А Яша Барабанов обидой томим: день, и час и другие подробности путешествия его друга в XVIII столетие от него почему-то скрыли. А уж он ли Борю не любит?
И пришел он на станцию техобслуживания...
— Боря на работе сегодня?
Один мимо пробежал коридорчиком,
— Боря на работе сегодня?
Тот приостановился, поглядел свысока:
— Из первого, что ли? Из единички?
— По моторам он тут.
— А фамилия?
— Гундосов фамилия. Боря. Значит, Борис.
— Так бы ты и говорил, а то: Боря. Кому Боря, а кому Борис Павлович.
— Так на работе он?
— Да не помню я, много их тут. А вы посмотрите график, в диспетчерской есть,— куснул яблоко и яблоком показал на дверь оцинкованную: «Диспетчерская. Посторонним вход...» Дальше было замазано, и тот, с яблоком, вместе с Яшей предупредительно к серой двери подошел: открыл, приглашая.
На изрезанном столе в диспетчерской валялись колбасные шкурки, ошметки недокуренных сигарет и лежали журналы какие-то. На стене висел Маркс, а поодаль — репродукция с рисунка, изображающего Ленина на кремлевском субботнике: бревно тащит, вроде бы муравей соломинку волочит старательно. Было окошко, задвинутое изнутри серым фанерным щитом. Яша помнил, что снаружи над окошком есть надпись: «Диспетчер». Возле окошка был «График работы персонала СТОА на январь 198... г.». По горизонтали — фамилия, инициалы. По вертикали — числа, начинаясь, естественно, с 3-го: 3... 5... 18... и до самого последнего, 31-го. Квадратики на пересечении фамилий с числами были закрашены красным, желтым или зеленым; и внизу значилось, что зеленый — работа с 8 часов до 17, желтый — работа с 8 до 21, красный же — ПК, повышение квалификации. Против фамилии Гундосова Б. П. стояло несколько желтых квадратиков, два зеленых и один только красный, причем на сегодня квадратиков не было.
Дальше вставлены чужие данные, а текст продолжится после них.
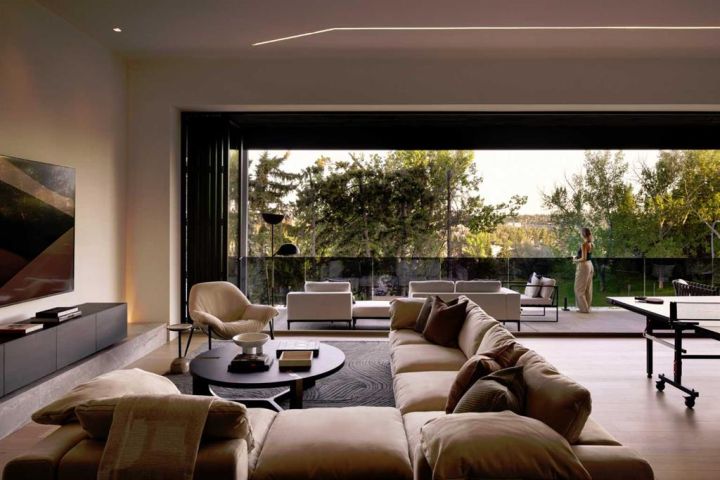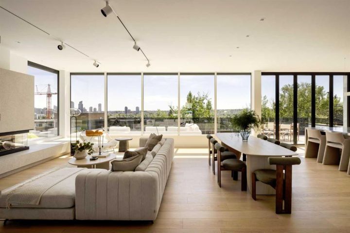 Nestled in the prestigious Briar Hill neighborhood, this warm contemporary masterpiece, built by Wurzer Page Homes, spans 6,000 sq ft of exquisite living space, embodying California-inspired design and exceptional craftsmanship. Designed by R-EID Studio as a true architectural gem, this south-facing home boasts unequaled city views from every level, with all three exterior patio spaces basking in southern light, framed by an oversized Loewen window package. Constructed with steel, wood, and concrete, the residence exudes sophistication with high-end quartzite and stone finishes, matte white California Faucets, and a stainless steel island. The entire home operates on a Lutron control system, featuring designer light fixtures throughout, including a stunning Bocci light fixture above the basement bar. Designed for seamless entertaining, the walkout basement offers a 12-foot ceiling and a 36’ wide folding door, blending indoor and outdoor living. Perfect for hosting or relaxation, the home includes a 400 sq ft dedicated gym, a serene office with floor-to-ceiling windows, and heated floors in the basement and garage, with rough-in for driveway heat. Located in a tranquil setting next to green space, surrounded by luxury homes, it’s close to downtown and hospitals. With too many features to capture in print, this home must be experienced in person—a private tour is recommended. Potential buyers are advised to drive by at night to witness the captivating illumination.

Молоденький, неожиданно вежливый слесаришка дожевал свое яблоко, огрызком ткнул в чистый квадратик:
«Видал? — И с «вы» перешел на «ты»,— Не работает твой Гундосов! — И пошел, положивши огрызок в кучу колбасных объедков и вытирая руки о замасленные штаны; а шляпа на нем и вовсе была соломенная, украинский бриль — натурально, уже замызганный, и соломинки кое-где бахромою свисали.
Яша знал, что Боря не работает нынче, и сюда он притащился, влекомый тоскою неясной.
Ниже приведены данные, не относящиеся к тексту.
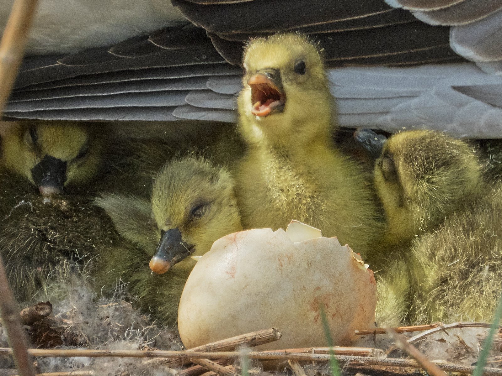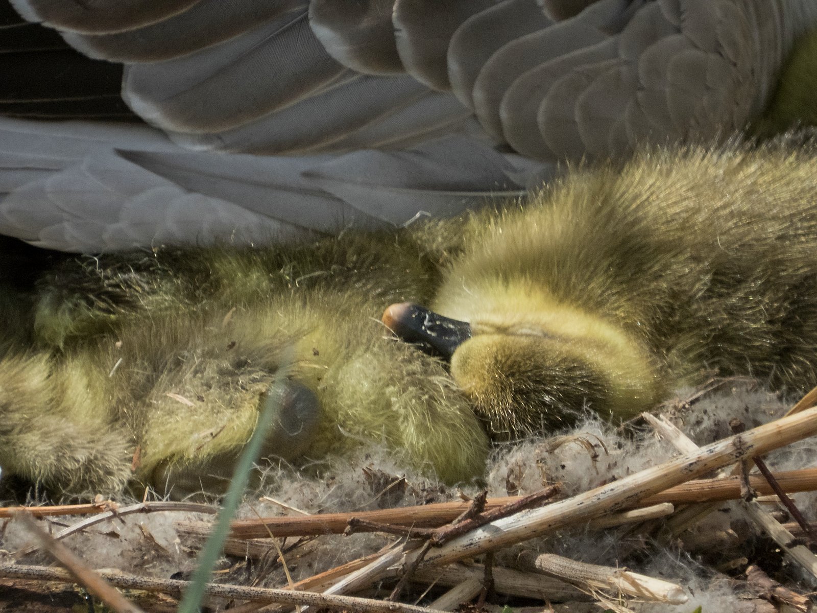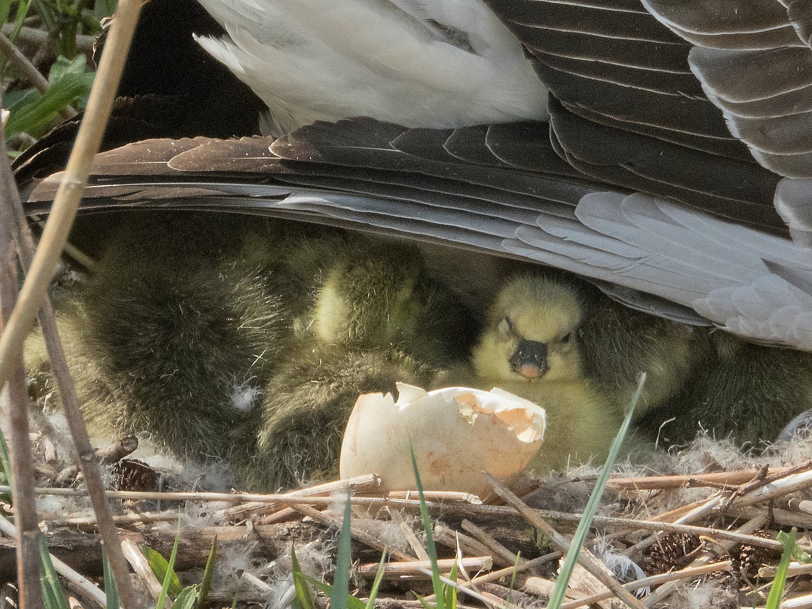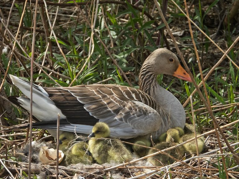 Es geht weiter im Takt mit Gösseln: Nun das zweite Nest mit Anzahl von acht Gänsekindern. Sichtbar ist jetzt nur noch ein Graugansnest im Stausee. Nach wie vor brüten drei Kanadagänse und ein Höckerschwan.

Тоской, и любовью: Яша любит Борю безмерно, кроткой щенячьей любовью любит, пришедшей на смену лиловой ненависти, зависти и вражде. Яша Боре уступает первое место — по правую руку гуру. Яша Борю готов считать наместником Вонави, а себя отодвинуть, занять место по левую руку.
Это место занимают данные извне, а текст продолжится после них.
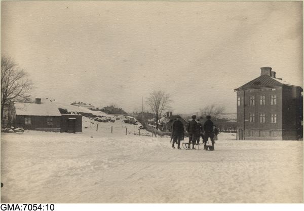 Djurgårdsplatsen. Till vänster Majornas 3 rote, nr 103, till höger Djurgårdsplatsen 2 x Djurgårdsgatan. Vy mot nordväst.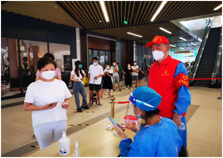 还有一对年轻夫妇,丈夫是位年轻帅气的建筑系统工作者,妻子是位温柔美丽的医务工作者,也积极投入到复地金融岛小区志愿服务工作。因小区采样医生少,两条通道导致核酸检测排队人员较多,作为医务工作者的妻子主动向社区请示,她是医院经过培训的有核酸检测资格的人员,能够担任采样工作。社区核实后,马上紧急调配了单独的一套防疫物资,申请了一个额外信息录入账号,临时增加了一条采样队伍。同时他们还与社区一起商讨出一套更加优化的信息录入模式,使整体核酸采集效率提升。关键时刻,夫妻两人用年轻人的知识能力及聪明才智成为大家身边的榜样!最近,他们每天都活跃在小区里,早上负责维护现场秩序,下午又加入到门岗协助排查进出人员的工作。

И влекомый всё тою же тоской неясной, снедаемый ревностью, как в жестоких романсах, разрывающей сердце, выбрался Яша из скучной диспетчерской в коридор СТОА, а оттуда на улицу, на промозглый неуютный мороз. Запахнул он старенькое пальтишко, потрусил к троллейбусной остановке.
Троллейбуса нет и нет, улица сплошь бурой жижей покрыта: это соль с песком рассыпают по городу, чтобы не скользили машины, не буксовали. Закуривает. Новый год вспоминает: недавно встречали, но учитель, гуру, к себе Яшу не пригласил, а без приглашения к нему ни-ни, не ходи на такие праздники.
А теперь еще один Новый год справлять будут, называется: старый. Старый Новый год, с тринадцатого января на четырнадцатое.
И
Скособочились праздники, развелась их уйма, невпроворот.
Лишь бы людям напиться, что ли? Или это форма протеста какая-то: у властей, мол, свои имеются праздники, а у нас свои...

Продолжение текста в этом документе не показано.